The deadline for applying to join the House of Habitat for Humanity is approaching

GRAND ISLAND, Neb. (Nebraska) – Buying a new home can be stressful, and the deadline for applying for a home to a local nonprofit is approaching for people in need. The Grand Island Area Habitat for Humanity is accepting applicants for habitat homes through February 28.

Those who have not received an application must attend an information session, which is where they will receive their application. Only three sessions remain, with the next one taking place on Saturday 11 February from 13:00-17:00

“The change we’ve made this year is that the information classroom is early in the application process,” said Alyssa Heagy, executive director of the Grand Island Area Habitat for Humanity. “It’s always been a part of the process, where they complete a phone interview, then an application, and then they take a class. This year, we got rid of the telephone interview and welcomed everyone to class.”

Heagy says the other sessions will take place on February 19 from 1-5pm and February 21 from 5:30-9:30 More than 70 applications came in last year, but only three houses were built. Most of them were denied due to incomplete applications, and the organization says the information sessions are one way to reduce the chances of that happening this year.

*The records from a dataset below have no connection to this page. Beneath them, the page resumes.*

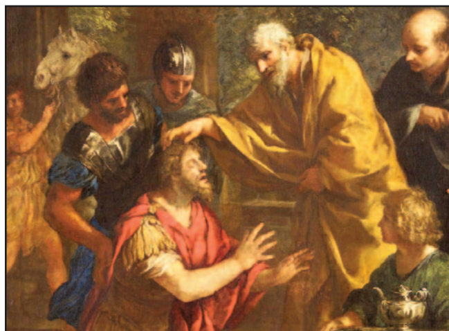
Ananias prayed and asked God to remove the blindness of Paul, and quickly that blindness was removed.

The angel led Peter out through the gate, which opened on its own accord, and he joined some brethren in a house nearby. Those prayers literally
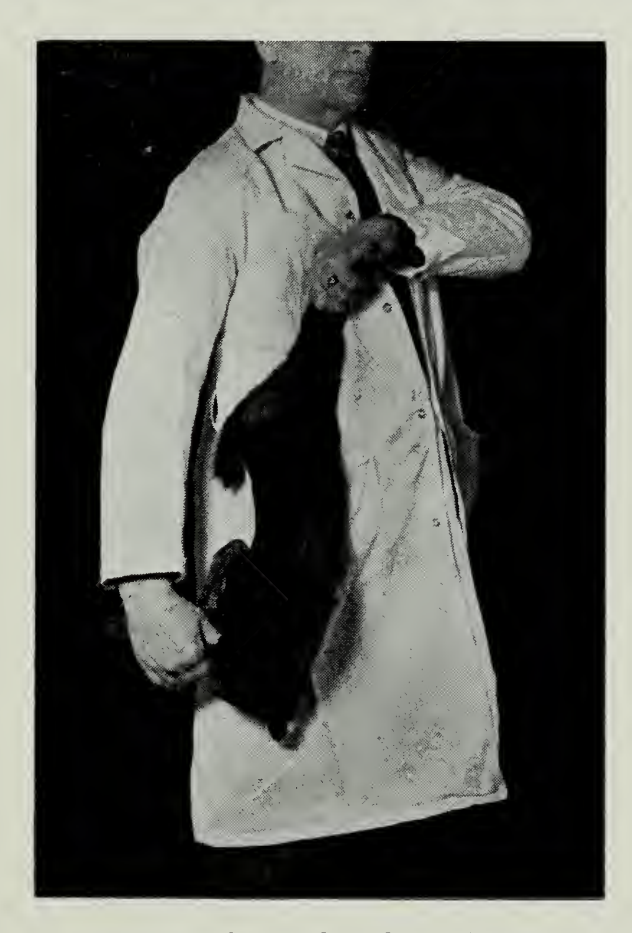
Dislocating the vertebrae before bleeding.

When the pelt is off, the carcass should be rinsed in cold, clean water to remove any blood or hair. The rinsing process is quickly done. The carcass is then hung up and the viscera removed. The heart, liver and kidneys are good food and should be saved. When the carcass has cooled out, it can be cut up into sections of a size suitable to the roasting pan. Rabbit carcasses that are intended for the market should be cut into eight pieces, placed in a suitable wax-paper-lined (9" x 4" x 2\frac{1}{2} ") box or on a cardboard picnic plate, and then wrapped in cellophane for protection. Such wrapping can be made very attractive; a sprig of parsley or other green leaf adds to the appearance, and will help make sales to prospective customers who have not yet learned to appreciate rabbit meat. Do not expose the entire rabbit carcass for sale. They are unattractive to most people and unsaleable. Cut up the carcass ready for the pan and display in an attractive manner if you desire quick sale.
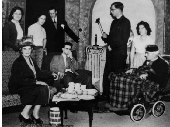
The Devil was Sick.
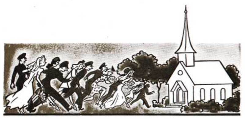
IT STARTED RIGHT AFTER PEARL HARBOR . . .

These are but a few glimpses of changes brought to courtship, marriage, and family life by the war. Most of us see only a swift series of episodes, not the whole picture, along with the rush of events.
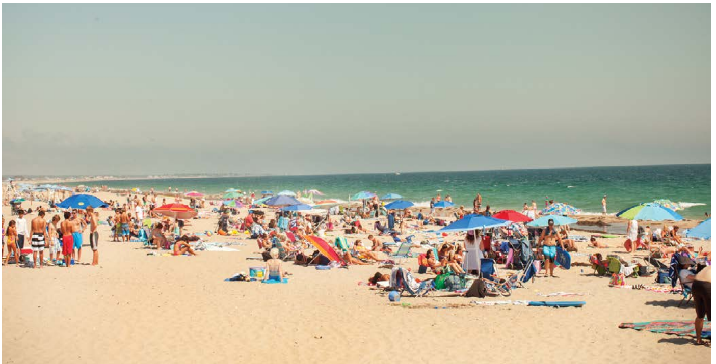
Best Beach | Narragansett Town Beach

39 Boston Neck Road. 401-783-6430; narragansetttri.gov/323/Narragansett-Town-Beach
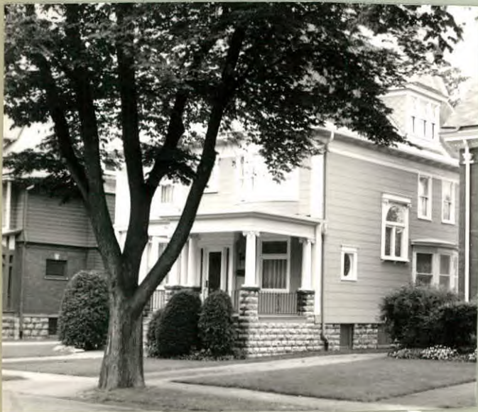
12. PHOTO: 8-12a
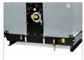
EASILY MOVED WITH A FORKLIFT TRAILER MOUNTING CAPABILITY
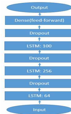
Fig. 2 :Stacked LSTM Network architecture

To train LSTM model in temporal event detection algorithm, collecting social data in time without disaster is required. In our case, earthquake detection was considered for performance so we used discrete data before or long time later specified earthquake. We should make sure that there is no disaster in collecting data for training. Stacked LSTM based prediction model was implemented with multiple recurrent LSTM layers as shown in Figure 4.
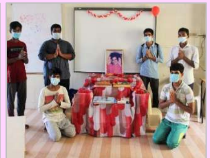
NAVARATHRI SADHANAS – GLIMPSES
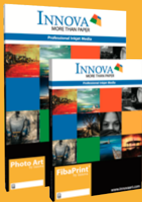
Photo Art by Innova

Alongside the matte papers in the Innova Fine Art range, we also offer a selection of semi-matte and gloss papers. Fully compatible with both pigment and dye inkjet. The range also includes digital darkroom papers from our ground breaking FibaPrint® portfolio, ideal for fine art photographic prints.
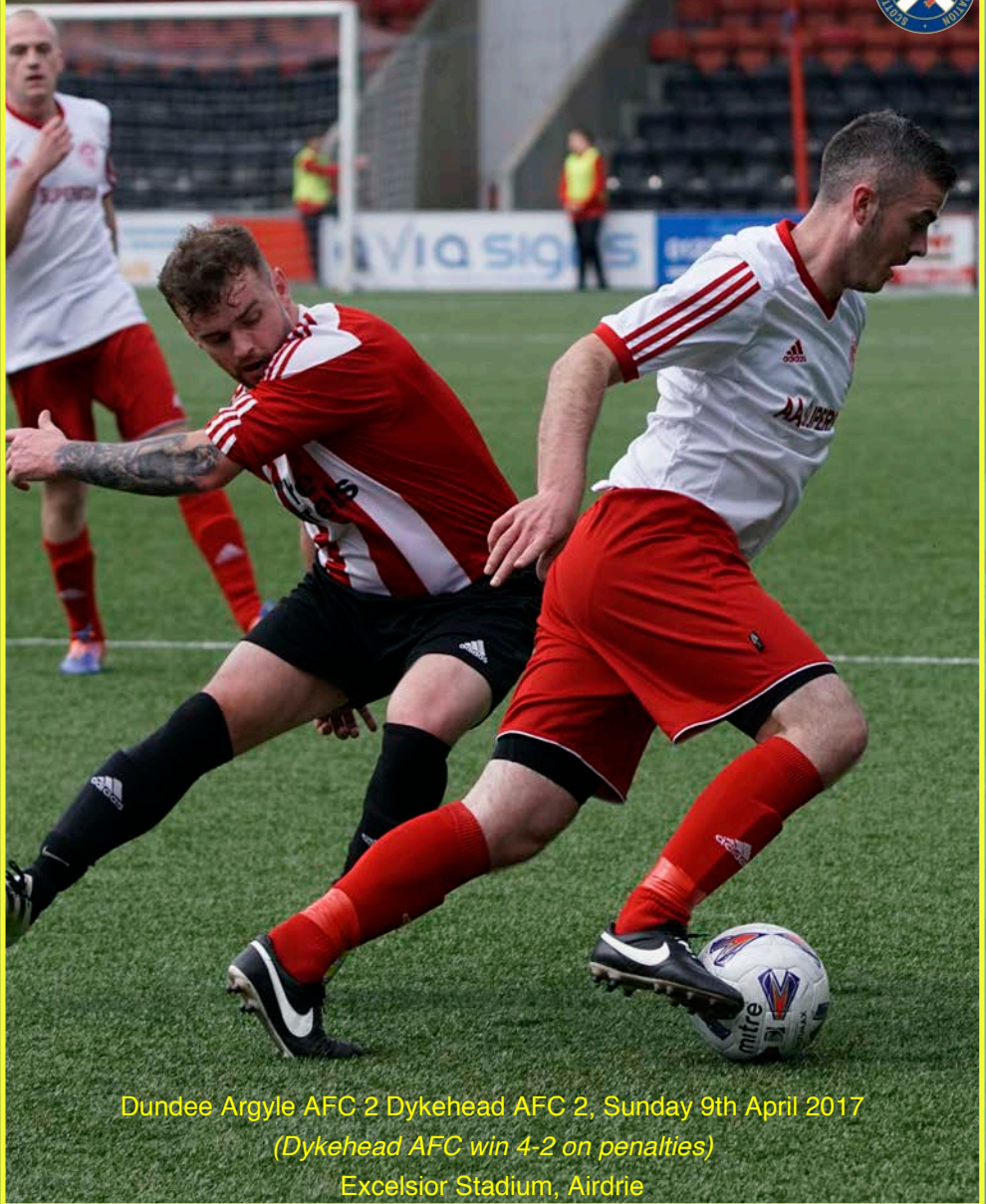
Dundee Argyle AFC 2 Dykehead AFC 2, Sunday 9th April 2017 (Dykehead AFC win 4-2 on penalties) Excelsior Stadium, Airdrie
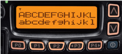
Two line setting display example.

With a high contrast dot matrix display, upper and lower case characters can be easily distinguished. You can change the display setting to show one line and 12 characters, or two lines and 24 characters via programming. LCD backlighting is standard.
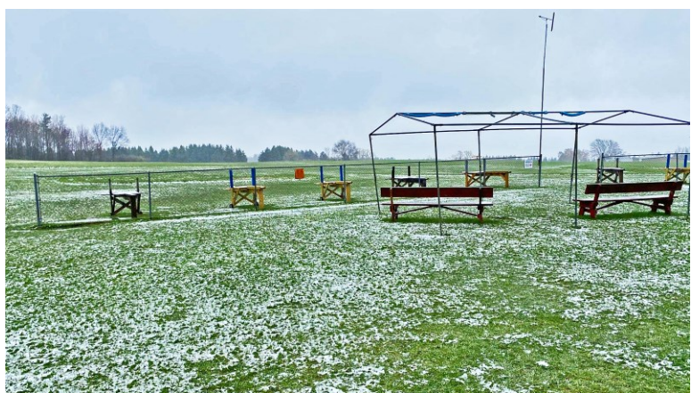
April 16 th . Do we dare to dream of sunny and 70 yet?
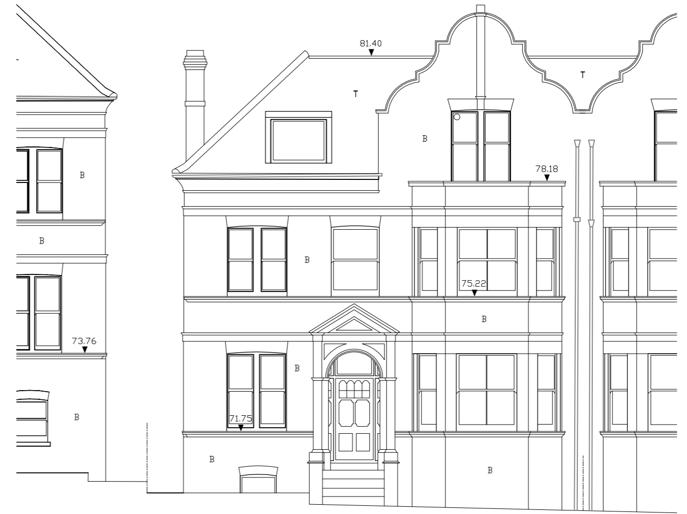
2 EXISTING FRONT ELEVATION 1 : 100
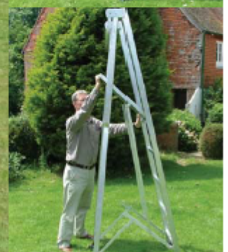
Easy to open
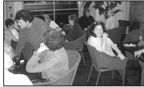
Lunch at the Cadillac Cafe
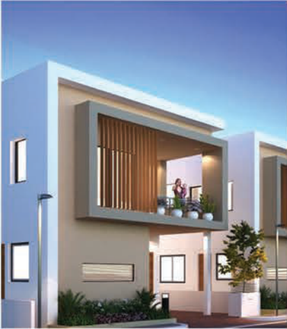
Bhuvi Villas, Siddipet 2022 - Completed, 71 Units
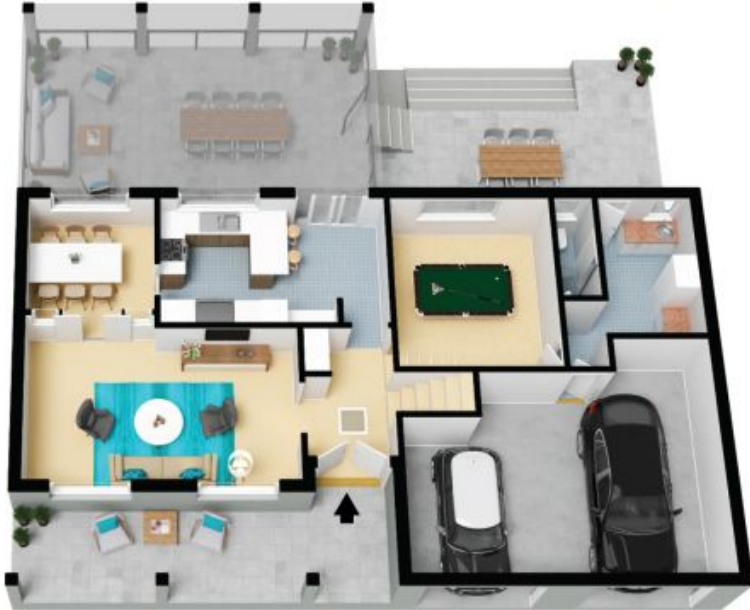
Main Floor/Lower Level
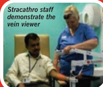
Stracathro staff demonstrate the vein viewer

Over the course of 2013, the Friends generously donated equipment worth over £131,000 to the hospital.
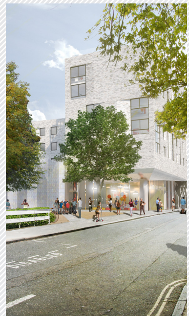
31 Peckham Road, Former Southwark Town Hall, Camberwell
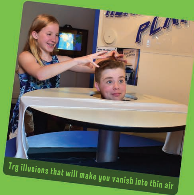
Try illusions that will make you vanish into thin air

All day, every day, the Tommy Bartlett Exploratory is the place for interactive excitement. Once you enter the Exploratory, you're sure to get lost in space, science, technology and fun!
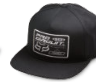
PC Fox Snapback
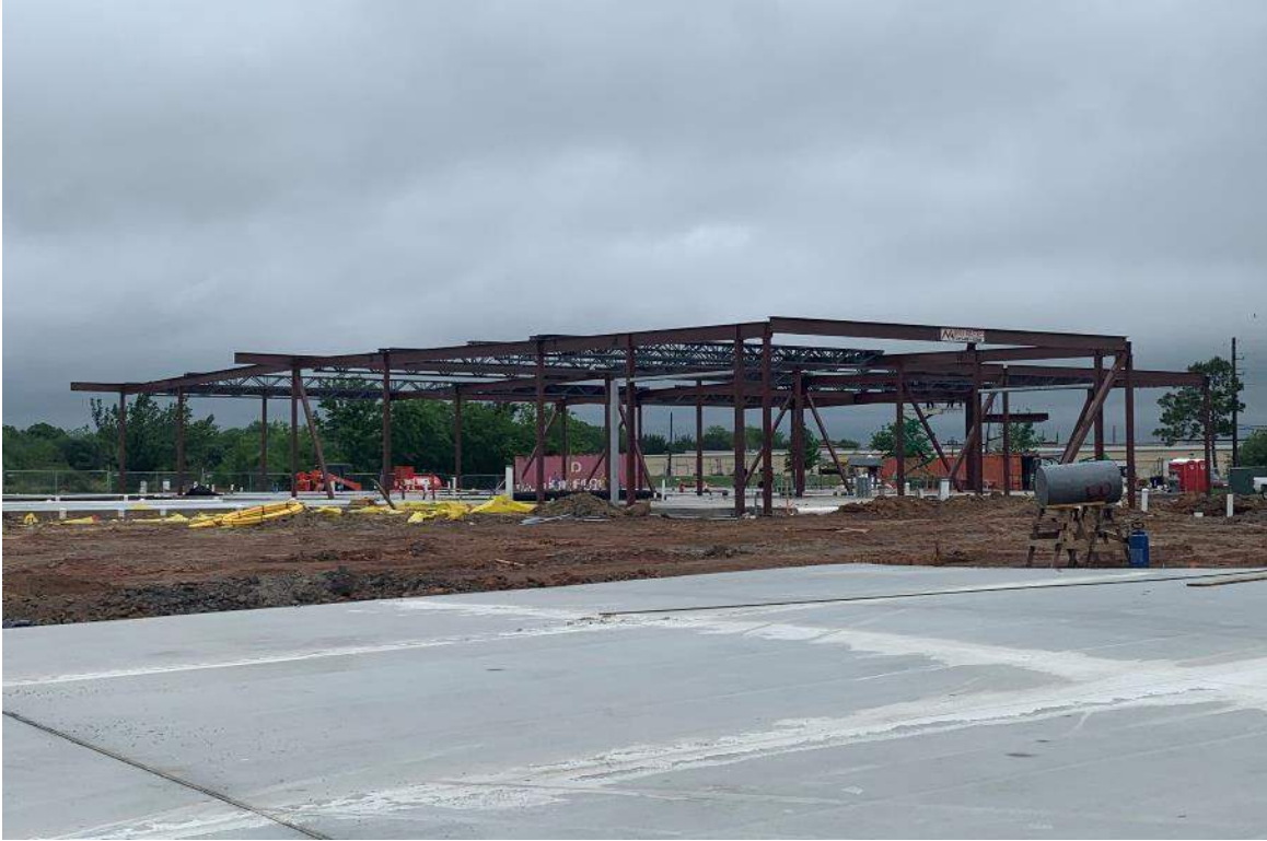
Structural Steel being Erected
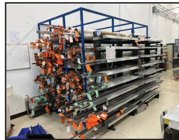
LARGE SELECTION OF TOOL STEEL & BAR STOCK
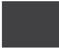
Matte Black TCC15BL3
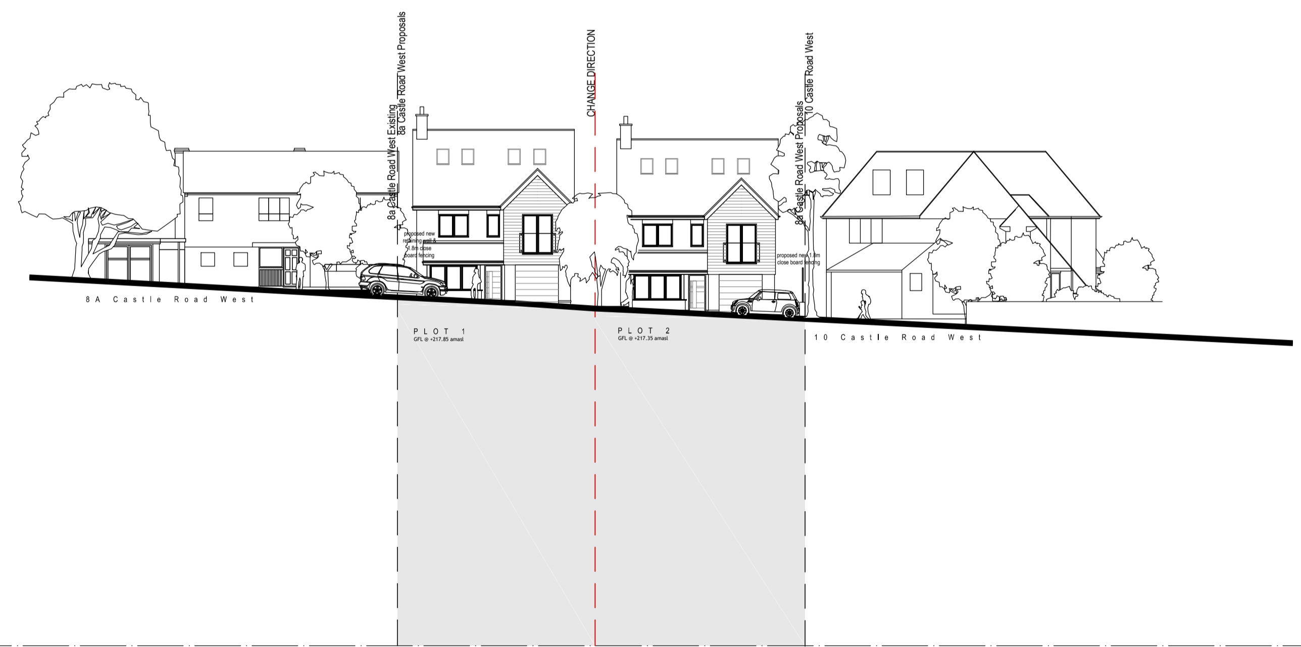
200m above mean average sea level STREETSCAPE ELEVATION

COPYRIGHT Confidential copyright Lapworth Architects under berne & universal copyright convention. Information contained within this drawing is the sole copyright of Lapworth Architects and is not to be reproduced without their express permission. This document must not be copied without written permission and the contents must not be imparted to a third party nor be used for any unauthorised purpose.
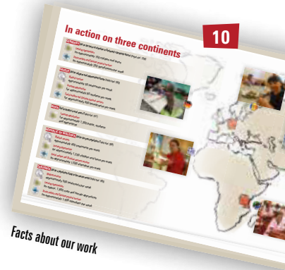
Facts about our work
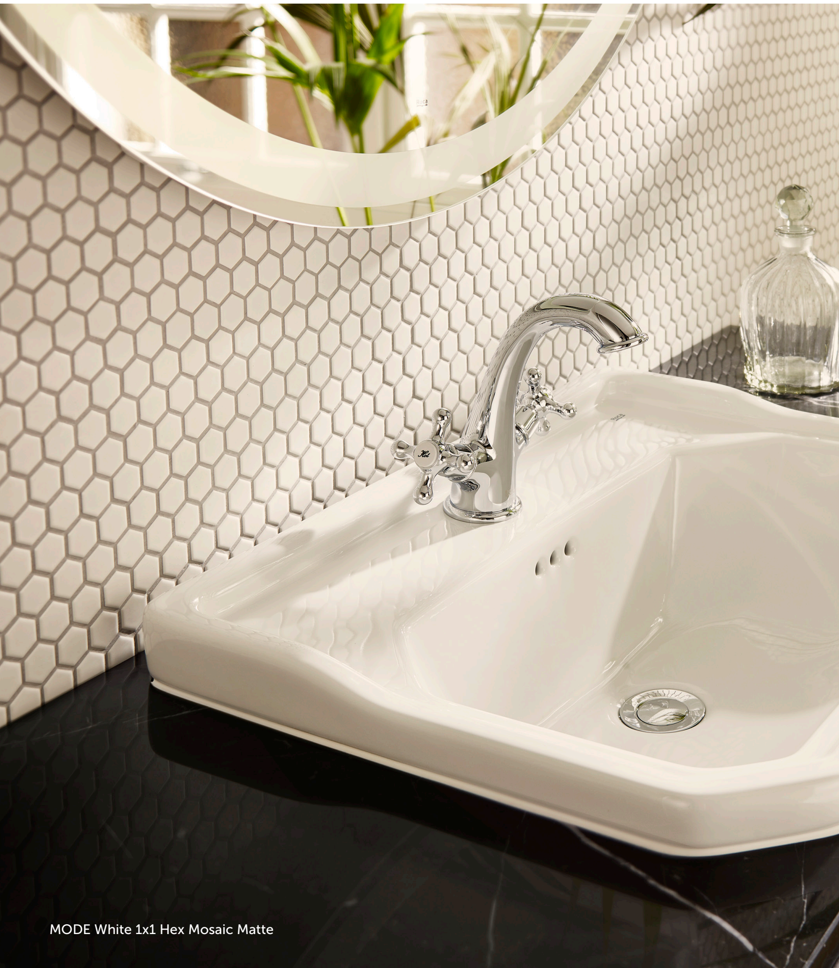
MODE White 1x1 Hex Mosaic Matte

“In class we take them page by page through the app,” Heagy said. “What we found was that we were creating barriers within the application process by not explaining what information we are asking for. Why is this important?”

He says incomplete applications are an automatic rejection and the reason the number of homes built has been low is because The Habitat lacks a key component in producing more homes.

“The number fluctuates,” Heagy said. “Historically it’s been between three and four homes each building season. We’ve been stuck at three for the past two years because we don’t have a full-time construction manager, so our houses are built by volunteers on Saturdays.”

He says their pay isn’t as competitive as others on the Grand Island, but they’re hoping to find a construction manager who sees the heart of their mission, which is to place people into permanent homes. He also says that all recipients of a habitat home have one thing in common.

“We look at the need for affordable, decent housing,” Heagy said. “There is a section in the application where they can write an essay. They can tell us what their current housing situation is and why they would benefit from a residential home. To me that section is what should distinguish the applications.

He says Habitat Homes are awarded to applicants who have the greatest need for a better home.